Source data —
#####

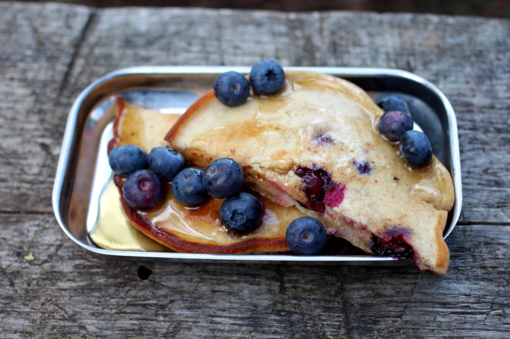 I helgen var vi ju på utflykt, och eftersom våra blåbärsbuskar just nu är fulla av stooora amerikanska blåbär så plockade jag en skål och gjorde en variant på krabbelurer. Det går ju såklart även ösa i nyplockade blåbär direkt på plats, då kan du plocka dem i skogen! Blåbär och pannkakor har ju sin smakkompis lönnsirap (en favorit, men det vet ni ju), så istället för att vända krabbelurerna i kanelsocker ringlade vi på lite sirap. Alltså det kan vara något av det godaste vi ätit, men det säger jag ju i och för sig ofta om sånt vi äter utomhus…
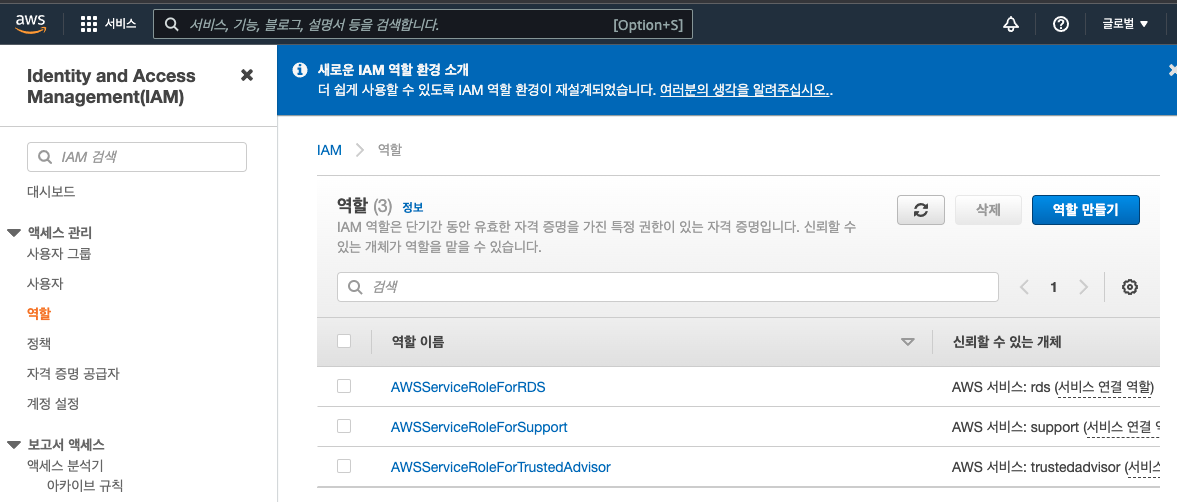 IAM에서 역할을 하나 더 만들어 줍니다.
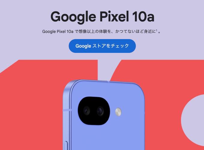 Google Japanは日本時間2026年2月19日、米国から少し遅れる形でGoogle Storeにて最新Pixel Aシリーズとなる「Google Pixel 10a」を発表した。
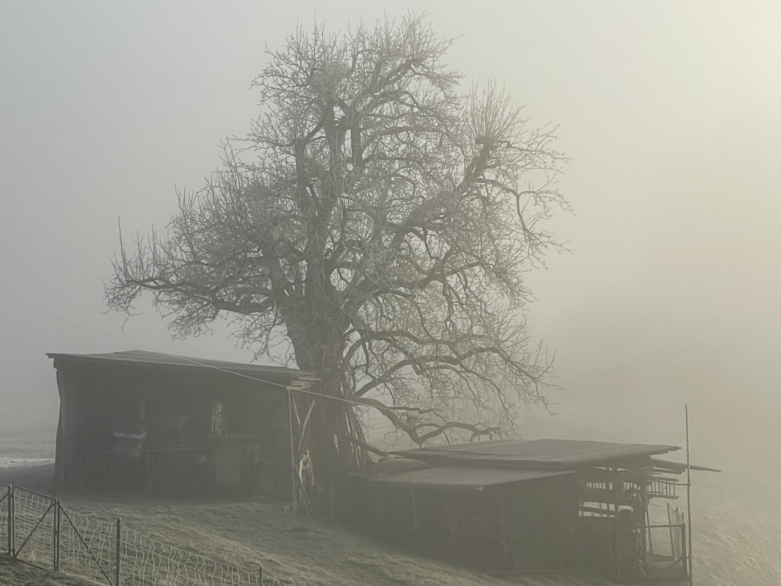 Nachbars Unterstand mit Birnbaum sieht im Nebel noch mystischer aus.

#####

What you will do —
Would it be possible to reproduce the material word for word, images omitted?

Answer area —
 I helgen var vi ju på utflykt, och eftersom våra blåbärsbuskar just nu är fulla av stooora amerikanska blåbär så plockade jag en skål och gjorde en variant på krabbelurer. Det går ju såklart även ösa i nyplockade blåbär direkt på plats, då kan du plocka dem i skogen! Blåbär och pannkakor har ju sin smakkompis lönnsirap (en favorit, men det vet ni ju), så istället för att vända krabbelurerna i kanelsocker ringlade vi på lite sirap. Alltså det kan vara något av det godaste vi ätit, men det säger jag ju i och för sig ofta om sånt vi äter utomhus…
 IAM에서 역할을 하나 더 만들어 줍니다.
 Google Japanは日本時間2026年2月19日、米国から少し遅れる形でGoogle Storeにて最新Pixel Aシリーズとなる「Google Pixel 10a」を発表した。
 Nachbars Unterstand mit Birnbaum sieht im Nebel noch mystischer aus.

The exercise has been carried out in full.